Using the data that follows, output only the lines from the line with "カタナ ボルティオ ニンジャ" up to and including the line with "Recuperatore di calore", exactly, leaving pictures aside.

[GIVEN ENTRIES Boundary: Start]

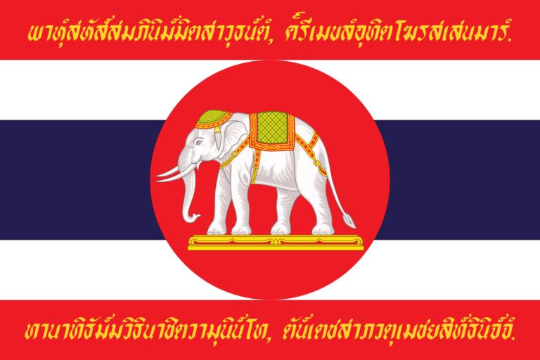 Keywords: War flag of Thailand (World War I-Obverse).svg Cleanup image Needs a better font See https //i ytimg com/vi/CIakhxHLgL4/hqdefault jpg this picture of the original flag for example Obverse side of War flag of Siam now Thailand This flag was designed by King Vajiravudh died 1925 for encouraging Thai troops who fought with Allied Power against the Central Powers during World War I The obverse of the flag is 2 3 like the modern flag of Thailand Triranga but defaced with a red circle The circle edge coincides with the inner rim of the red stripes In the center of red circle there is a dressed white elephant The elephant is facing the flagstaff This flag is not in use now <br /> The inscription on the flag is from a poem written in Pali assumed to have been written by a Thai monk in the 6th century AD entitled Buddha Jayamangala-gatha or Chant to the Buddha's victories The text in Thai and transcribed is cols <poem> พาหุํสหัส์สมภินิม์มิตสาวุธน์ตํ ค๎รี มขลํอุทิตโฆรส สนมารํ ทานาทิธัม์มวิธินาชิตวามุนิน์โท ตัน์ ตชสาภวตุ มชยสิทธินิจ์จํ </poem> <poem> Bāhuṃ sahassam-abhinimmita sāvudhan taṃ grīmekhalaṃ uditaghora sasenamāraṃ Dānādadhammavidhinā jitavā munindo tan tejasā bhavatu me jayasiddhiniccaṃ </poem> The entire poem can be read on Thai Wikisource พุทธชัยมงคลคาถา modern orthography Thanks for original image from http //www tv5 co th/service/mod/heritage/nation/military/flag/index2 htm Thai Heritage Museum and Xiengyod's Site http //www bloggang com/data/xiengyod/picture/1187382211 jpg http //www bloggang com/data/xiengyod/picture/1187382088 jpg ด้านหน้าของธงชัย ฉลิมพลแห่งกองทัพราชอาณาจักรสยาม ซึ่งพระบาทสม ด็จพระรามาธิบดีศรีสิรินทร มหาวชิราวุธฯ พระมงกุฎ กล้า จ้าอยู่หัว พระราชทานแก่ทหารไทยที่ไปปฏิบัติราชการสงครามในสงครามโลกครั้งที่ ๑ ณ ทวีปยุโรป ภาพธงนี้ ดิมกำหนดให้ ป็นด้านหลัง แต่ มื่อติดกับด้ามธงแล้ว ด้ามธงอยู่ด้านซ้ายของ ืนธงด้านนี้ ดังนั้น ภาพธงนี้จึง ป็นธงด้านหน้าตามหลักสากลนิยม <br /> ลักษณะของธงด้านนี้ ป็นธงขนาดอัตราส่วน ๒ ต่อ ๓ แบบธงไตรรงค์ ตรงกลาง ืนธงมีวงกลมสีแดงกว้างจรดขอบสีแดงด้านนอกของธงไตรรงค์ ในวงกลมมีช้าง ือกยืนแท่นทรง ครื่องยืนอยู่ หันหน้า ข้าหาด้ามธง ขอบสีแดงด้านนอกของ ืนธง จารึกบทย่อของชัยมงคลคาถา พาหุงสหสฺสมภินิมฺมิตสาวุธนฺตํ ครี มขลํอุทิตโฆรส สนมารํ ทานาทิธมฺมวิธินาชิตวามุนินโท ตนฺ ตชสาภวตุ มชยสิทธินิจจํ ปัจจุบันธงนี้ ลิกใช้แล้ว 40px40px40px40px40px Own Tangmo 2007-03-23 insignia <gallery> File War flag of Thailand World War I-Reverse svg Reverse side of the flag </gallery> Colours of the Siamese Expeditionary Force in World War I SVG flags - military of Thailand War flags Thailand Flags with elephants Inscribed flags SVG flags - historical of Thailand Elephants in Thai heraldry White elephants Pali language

[GIVEN ENTRIES Boundary: End]
[GIVEN ENTRIES Boundary: Start]

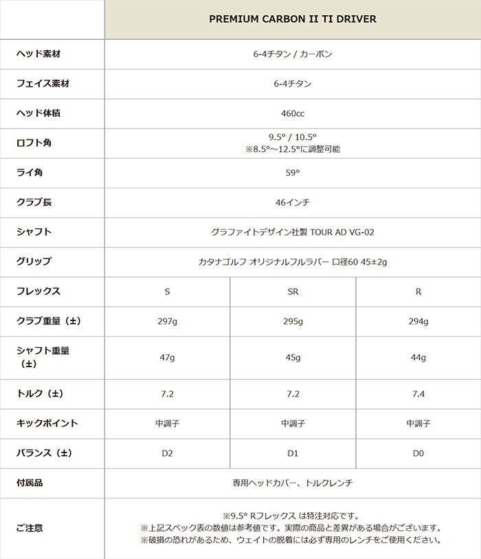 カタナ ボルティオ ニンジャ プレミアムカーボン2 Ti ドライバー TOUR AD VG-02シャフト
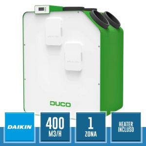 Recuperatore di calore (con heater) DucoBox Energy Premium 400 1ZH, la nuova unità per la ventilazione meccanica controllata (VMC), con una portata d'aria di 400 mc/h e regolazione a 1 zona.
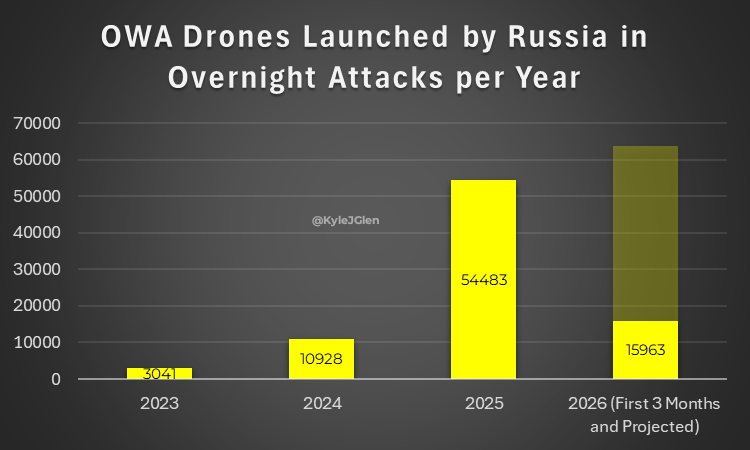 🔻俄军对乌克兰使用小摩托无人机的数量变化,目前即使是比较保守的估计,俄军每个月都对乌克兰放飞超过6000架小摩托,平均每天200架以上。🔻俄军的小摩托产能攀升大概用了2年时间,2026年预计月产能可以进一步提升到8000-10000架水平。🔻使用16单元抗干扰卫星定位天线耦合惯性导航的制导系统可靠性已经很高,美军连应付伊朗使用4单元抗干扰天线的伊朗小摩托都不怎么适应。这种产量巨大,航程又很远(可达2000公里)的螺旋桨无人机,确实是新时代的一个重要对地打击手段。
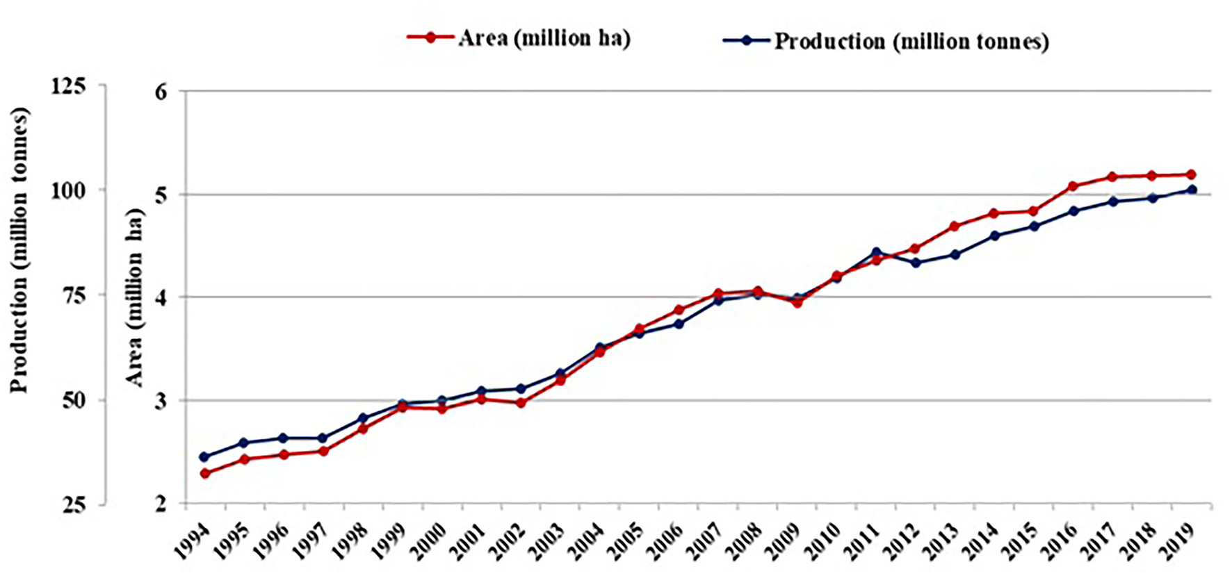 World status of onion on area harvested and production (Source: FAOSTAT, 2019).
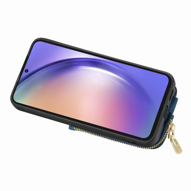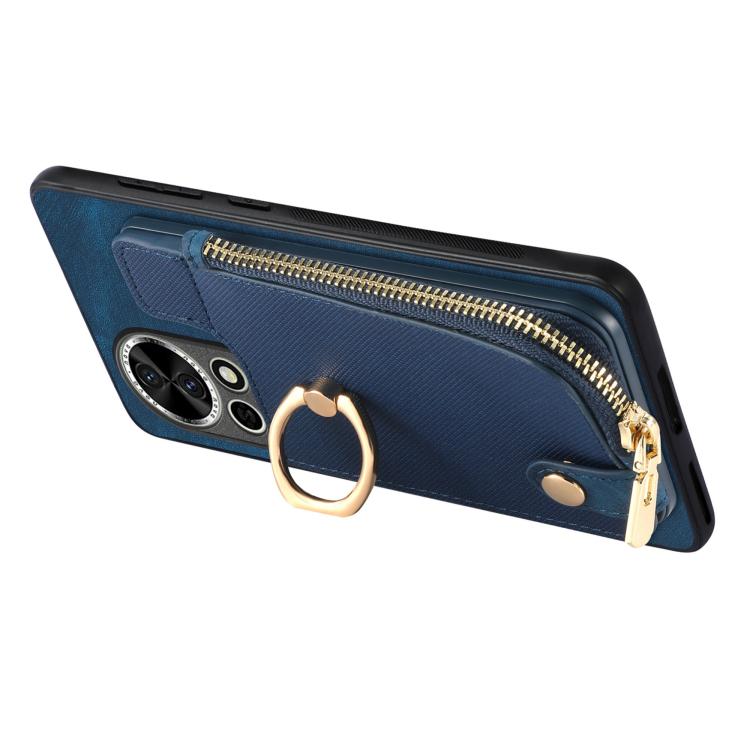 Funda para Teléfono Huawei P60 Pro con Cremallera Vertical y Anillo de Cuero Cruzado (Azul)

[GIVEN ENTRIES Boundary: End]

ANSWER SPACE
 カタナ ボルティオ ニンジャ プレミアムカーボン2 Ti ドライバー TOUR AD VG-02シャフト
 Recuperatore di calore (con heater) DucoBox Energy Premium 400 1ZH, la nuova unità per la ventilazione meccanica controllata (VMC), con una portata d'aria di 400 mc/h e regolazione a 1 zona.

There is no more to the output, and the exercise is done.